Task goal ::
From the data below, return only the lines from the one with "Rekordin në Europë" through the one with "В. Перад тым, як", exact and inclusive, with pictures left out.

****

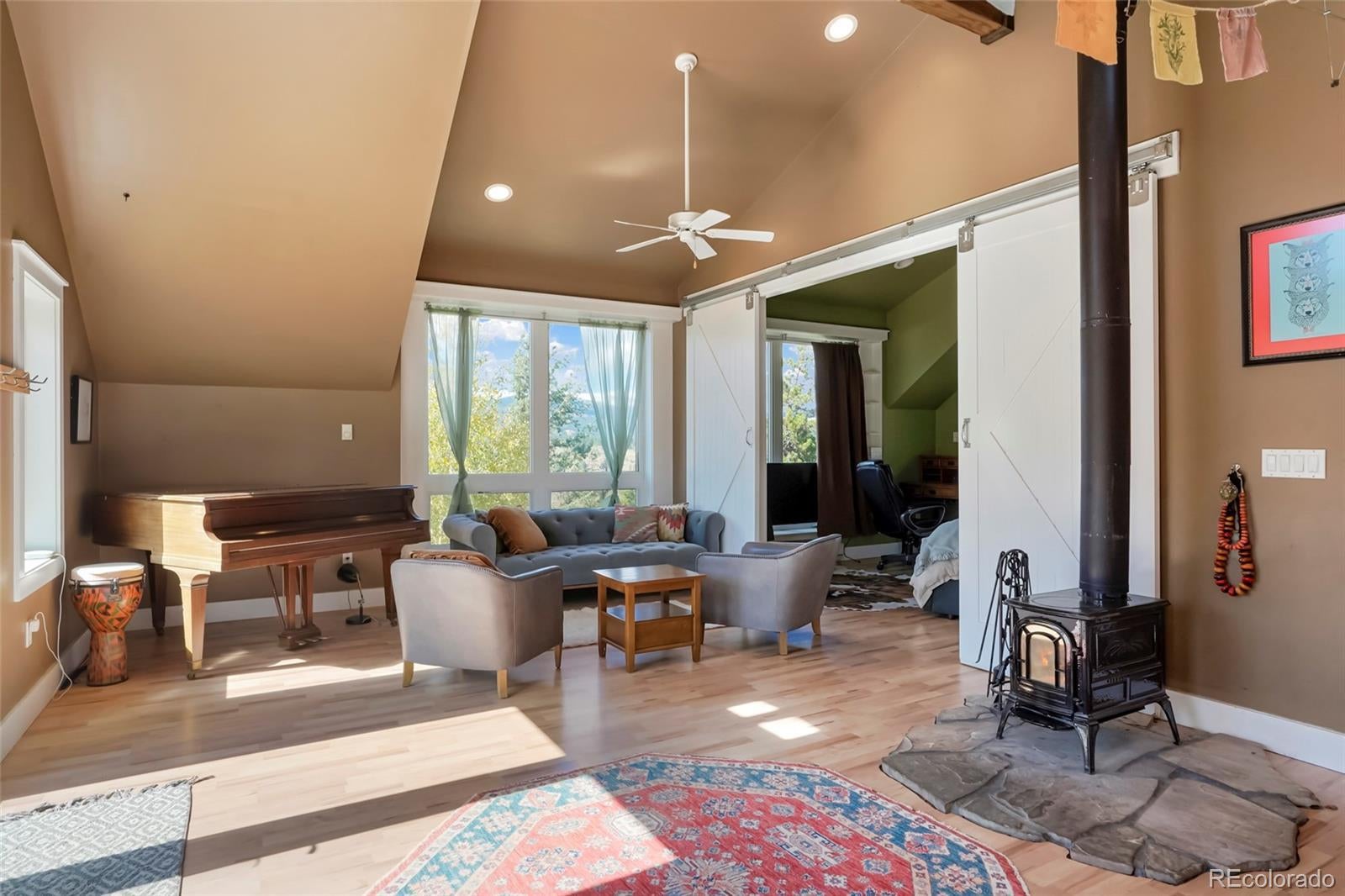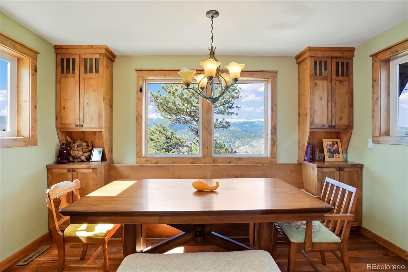 Income-generating mountain retreat, as the Potential to make a $100K a year & LIVE in the home, has 3 separate living quarters, allowing you to embrace an idyllic lifestyle while offsetting costs—with a Airbnb or rentals, making the home almost FREE, its a Ultimate retreat | The Accessory Dwelling Unit (ADU) with vaulted ceilings, a full kitchen, wood stove, and private deck provides the flexibility of a rental suite or an inviting space for family. | The beautifully renovated main residence is designed for family comfort and connection, boasting a gourmet custom kitchen with elegant pink granite countertops, marble flooring, and a spacious walk-in pantry. | Upstairs, the main suite with a cozy fireplace, spa-like five-piece bath, panoramic mountain views. | Step outside to a wraparound covered porch with a charming bench swing—the perfect spot for morning coffee surrounded by wooded privacy and mountain air.Warm maple wood floors flow into a soaring vaulted living room framed by expansive picture windows that invite the outdoors in. With five bedrooms in total, including a serene primary suite offering panoramic mountain views, a cozy gas fireplace, and a luxurious five-piece bath, there's ample space for growing families or cherished guests. Gather around one of four inviting fireplaces, or create lasting memories outdoors by the firepit beneath starry skies. The walk-out lower level is an entertainment oasis, complete with a wet bar, media room, covered porch, and a private six-person hot tub—perfect for family movie nights or unwinding after adventures. Minutes from Eldora Ski Resort and boundless hiking trails, this home in the coveted Big Springs neighborhood perches on a sun-drenched hillside, delivering breathtaking 360-degree vistas of the Indian Peaks & Barker Reservoir. Recent upgrades, including a newer furnace, water heater, carpeting, and a garage with 220-volt power, electric heat, and abundant storage
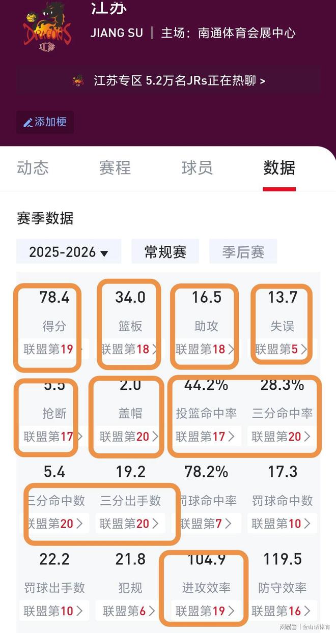 截止CBA联赛第12轮,江苏队战绩为1胜11负,目前排在CBA积分榜倒数第二位,仅次于开赛初期一直用全华班的四川队。而打开江苏队的数据统计,一排排数据惨不忍睹。三分球命中数、出手数、命中率、盖帽数,4项数据均为联盟倒数第一;场均得分、进攻效率,2项数据为联盟倒数第二;场均篮板、助攻,2项数据为联盟倒数第三……
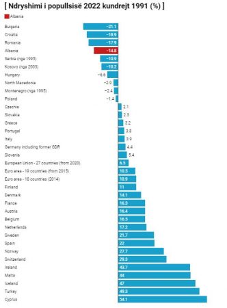 Rekordin në Europë për tkurrjen e popullsisë nga fillim vitet 1990 e mban Bulgaria, me -21.1, e ndjekur nga Kroacia (-18.9) dhe Rumania (-17.9).
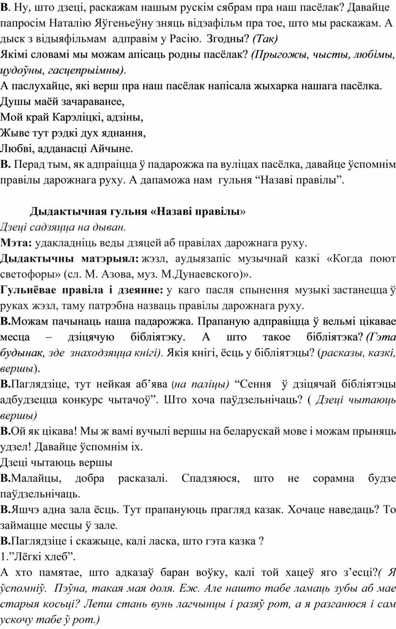 В. Перад тым, як адпраіцца ў падарожжа па вуліцах пасёлка, давайце ўспомнім правілы дарожнага руху. А дапаможа нам гульня “Назаві правілы”.
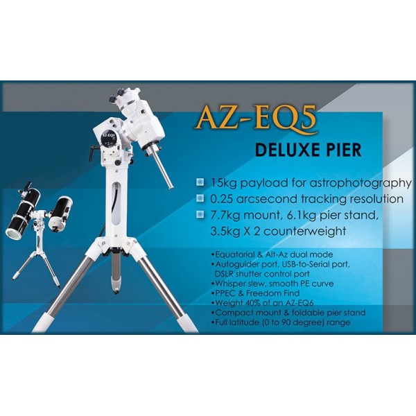 Sin duda tras el éxito de la AZ-EQ6 de skywatcher, esta AZEQ5 se presenta como una alternativa seria a la clásica EQ6PRO, pero con bastantes ventajas con respecto a este y prácticamente la misma capacidad de carga.
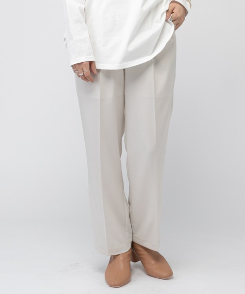 サテン生地でシャイニー感がたっぷり、遊び心のある1枚◎ ウエストゴムでリラックスのできる履き心地ながらも、センターにタックが入っていて スタイルアップも出来るアイテムになっています。 シャツに一枚で履いても良いですし、ロング丈のロンTやワンピース、ジャケットスタイルなどにも 着まわしていただけます。 一枚あるだけで、スタイリングが華やかになるアイテムです!

****

Reply to the exercise ::
 Rekordin në Europë për tkurrjen e popullsisë nga fillim vitet 1990 e mban Bulgaria, me -21.1, e ndjekur nga Kroacia (-18.9) dhe Rumania (-17.9).
 В. Перад тым, як адпраіцца ў падарожжа па вуліцах пасёлка, давайце ўспомнім правілы дарожнага руху. А дапаможа нам гульня “Назаві правілы”.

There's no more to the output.